# Problems with firewall and Network Magic



## william.stewart (Feb 1, 2006)

I have a home network, and tried to upgrade same by using Network Magic software. The software provides an easy way to use a home network when it works. I installed the software on all of the network computers, and thought it should do the job after examination. But, I found out differently. The computers could not talk to each other. So I contacted the manufacturer for their opinions. It finally boiled down to problems with my firewalls. I use Vcoms System 5 & 6 suites, and their firewalls. They do a good job, and the price of the suites is reasonable. They advised me to make sure that the firewalls would allow the program. The firewalls all have a settings screen where you can allow the exe files of any program to access as needed. All of the firewalls are set up per the Vcom, but they do not work, and neither vendor can offer any more help. I tested the network to see if the firewalls were really the culprit by disabling same.
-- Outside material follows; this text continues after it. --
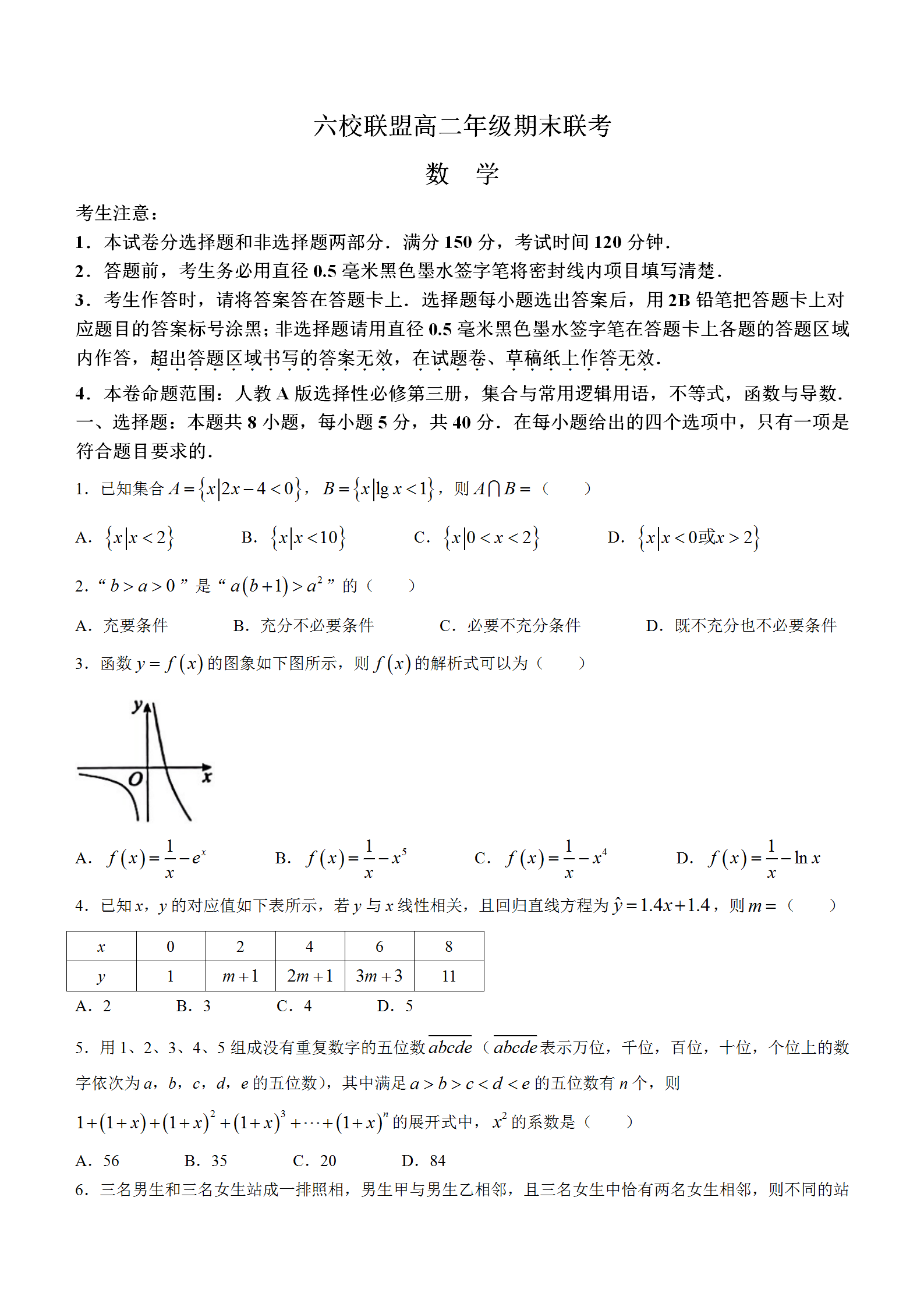 保定六校联盟2023高二年级期末考试数学试题

When I did the Network Magic Software worked as it should. Of course, I could not leave them disabled so now Network Magic doesn't work. I have heard and read so many good things I decided to join, and maybe get some answers/suggestions from my peers. It sure is nice to be here, and maybe I can help someone in the future. Thanks.


----------



## johnwill (Sep 26, 2002)

Well, I've never felt the need for any "magic" in configuring SOHO networks, in general it's pretty easy. What do you hope that Network Magic will do for you? I looked at their home page, and it appears that most of their "features" are answers to questions that nobody should have asked. :smile: I also believe they are offering a firewall capability, so you have two firewalls fighting it out for control. IMO, you're probably too well protected. :4-dontkno


----------



## william.stewart (Feb 1, 2006)

*Network Mgic*

Thanks for your response. You have given me some new ideas. I just liked the way Network Magic operated in comparison with my MS Network. There is a possibility that there is some firewall capabilities built into NM, but the vendor would not admit same. Thanks.


----------



## johnwill (Sep 26, 2002)

Some of the "features" look troublesome to me, like:

PC Shield: Locks Down Shared Files When Using Foreign Networks 

I don't have any experience with this package, so I can't be more concise, it just seems you have a lot of stuff running that you probably don't need.

FWIW, I've run for years with just the basic router firewall here, and we haven't had any malware make it through. I have a current AV and spyware detection program, that's about it.


----------